Task instructions — Nothing but the lines below from the one with "This iterative process" through the one with "memstore整体内存占用" should be output, each exactly as given, and no pictures.

Input data —
====================
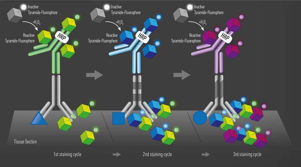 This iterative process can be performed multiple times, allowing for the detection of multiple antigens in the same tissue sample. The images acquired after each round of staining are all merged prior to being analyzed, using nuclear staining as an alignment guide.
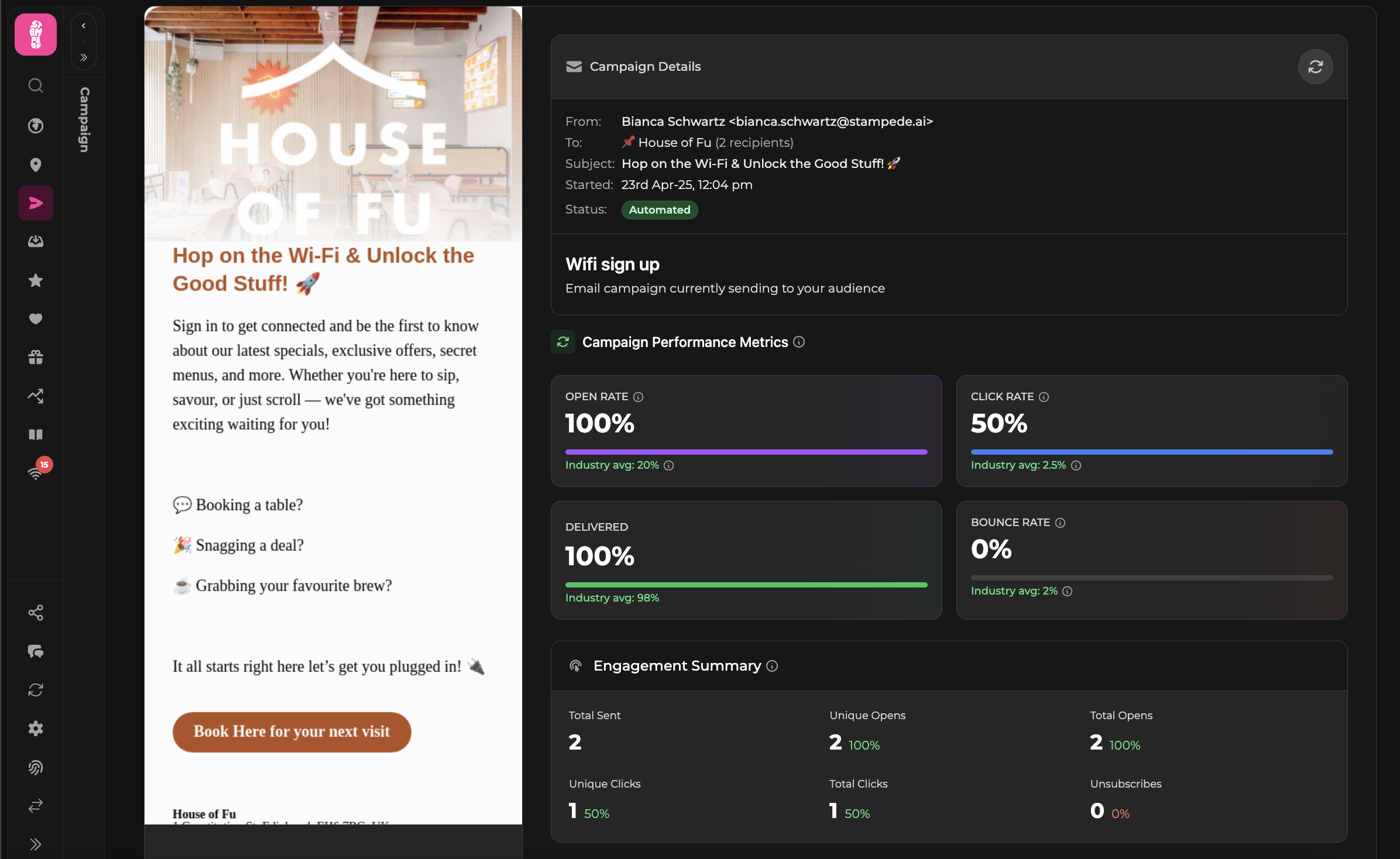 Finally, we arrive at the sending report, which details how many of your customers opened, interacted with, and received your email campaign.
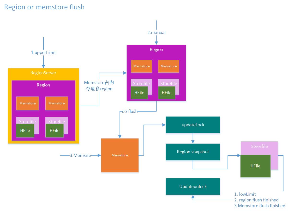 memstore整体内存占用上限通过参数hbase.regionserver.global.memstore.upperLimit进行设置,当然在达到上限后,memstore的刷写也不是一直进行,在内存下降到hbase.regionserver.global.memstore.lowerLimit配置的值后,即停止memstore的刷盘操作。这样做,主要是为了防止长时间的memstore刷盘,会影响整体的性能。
====================
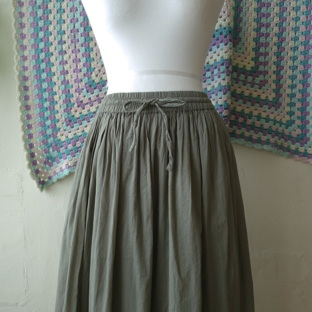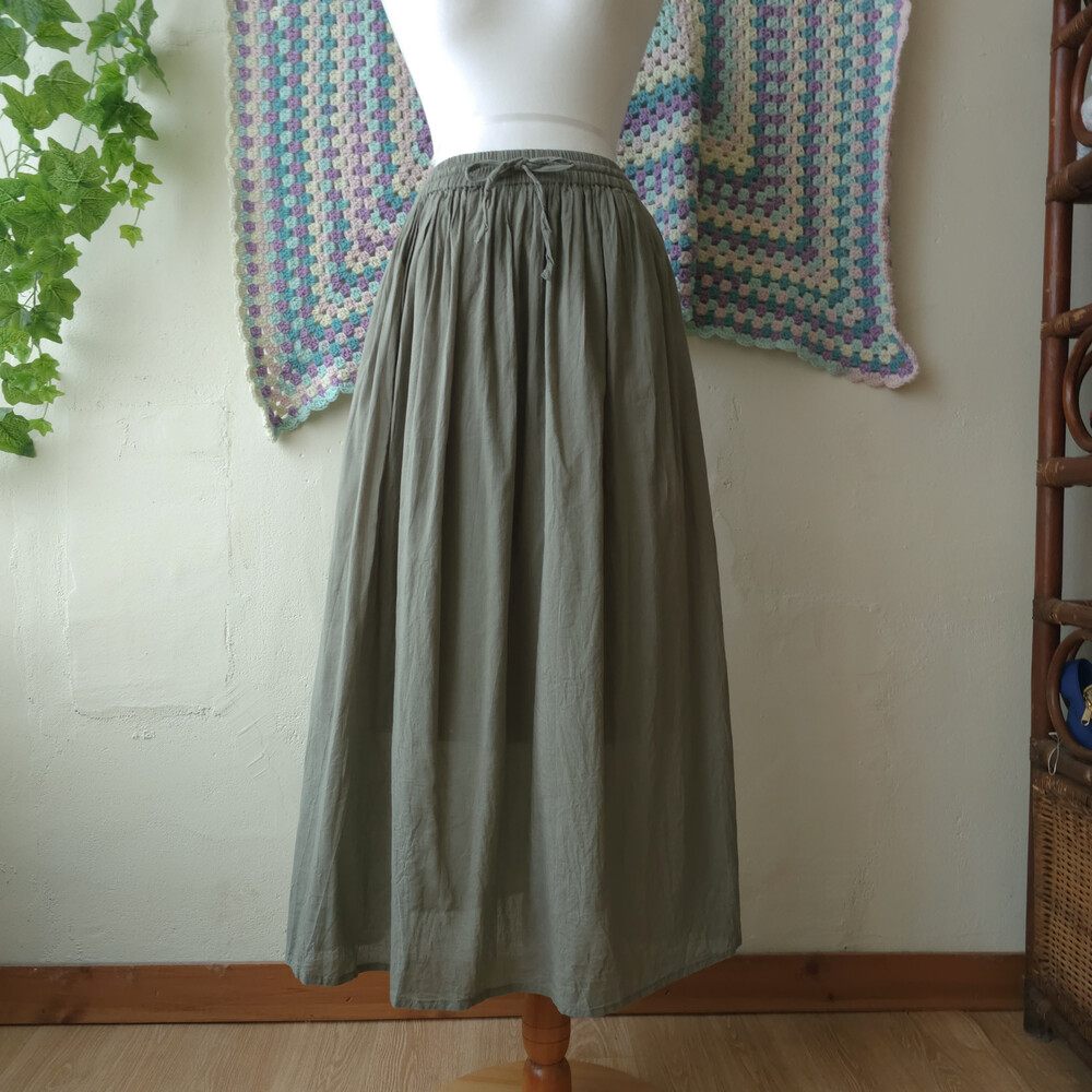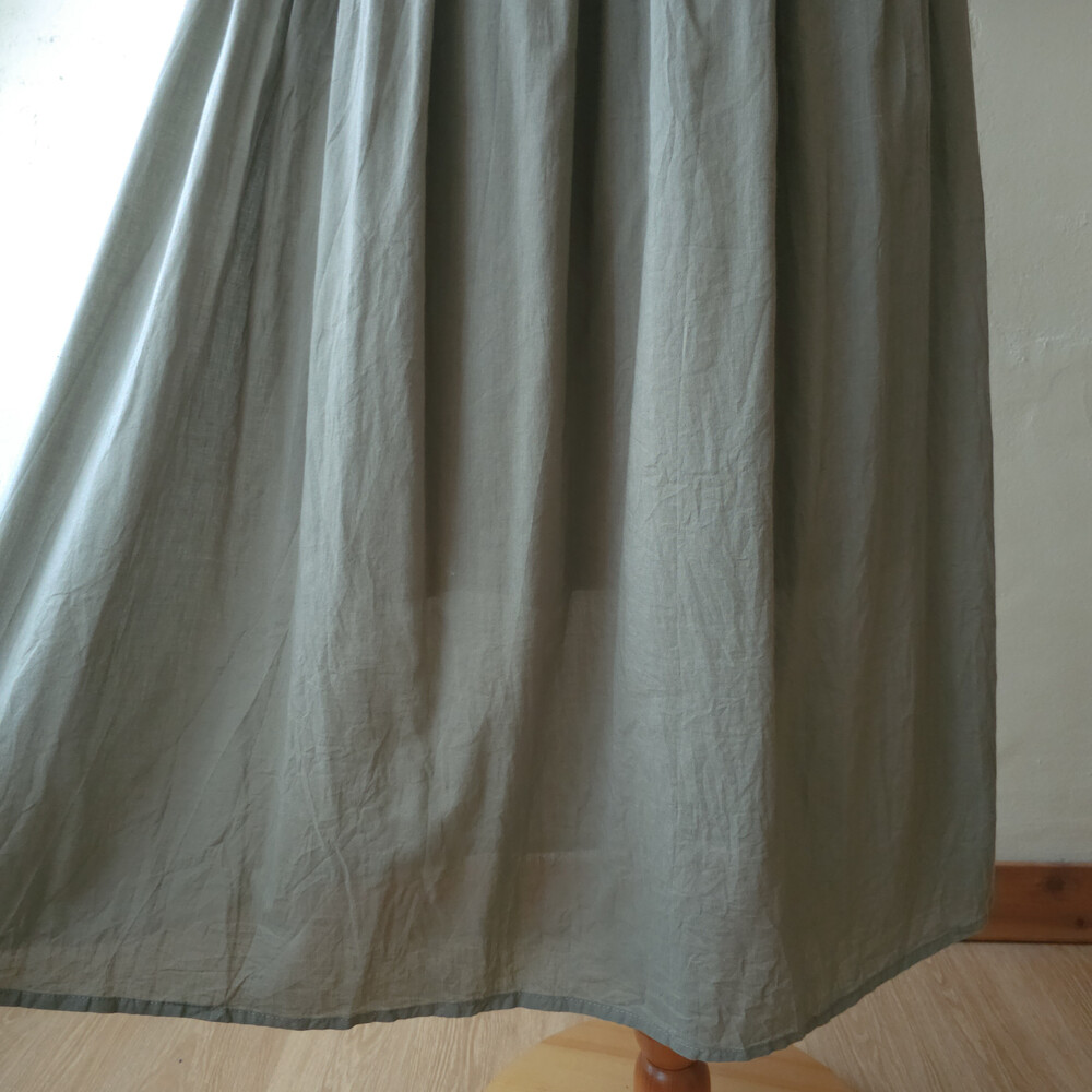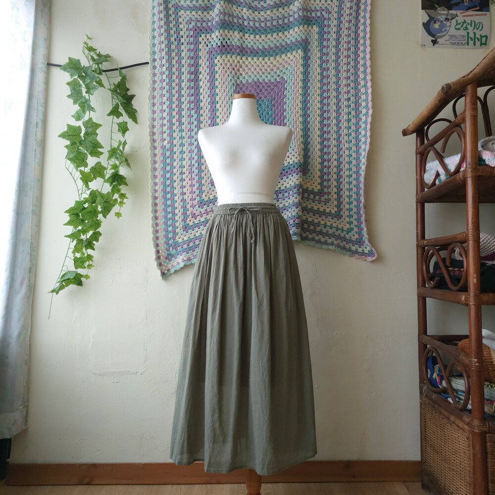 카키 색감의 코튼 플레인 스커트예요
====================
Solution for this task —
 This iterative process can be performed multiple times, allowing for the detection of multiple antigens in the same tissue sample. The images acquired after each round of staining are all merged prior to being analyzed, using nuclear staining as an alignment guide.
 Finally, we arrive at the sending report, which details how many of your customers opened, interacted with, and received your email campaign.
 memstore整体内存占用上限通过参数hbase.regionserver.global.memstore.upperLimit进行设置,当然在达到上限后,memstore的刷写也不是一直进行,在内存下降到hbase.regionserver.global.memstore.lowerLimit配置的值后,即停止memstore的刷盘操作。这样做,主要是为了防止长时间的memstore刷盘,会影响整体的性能。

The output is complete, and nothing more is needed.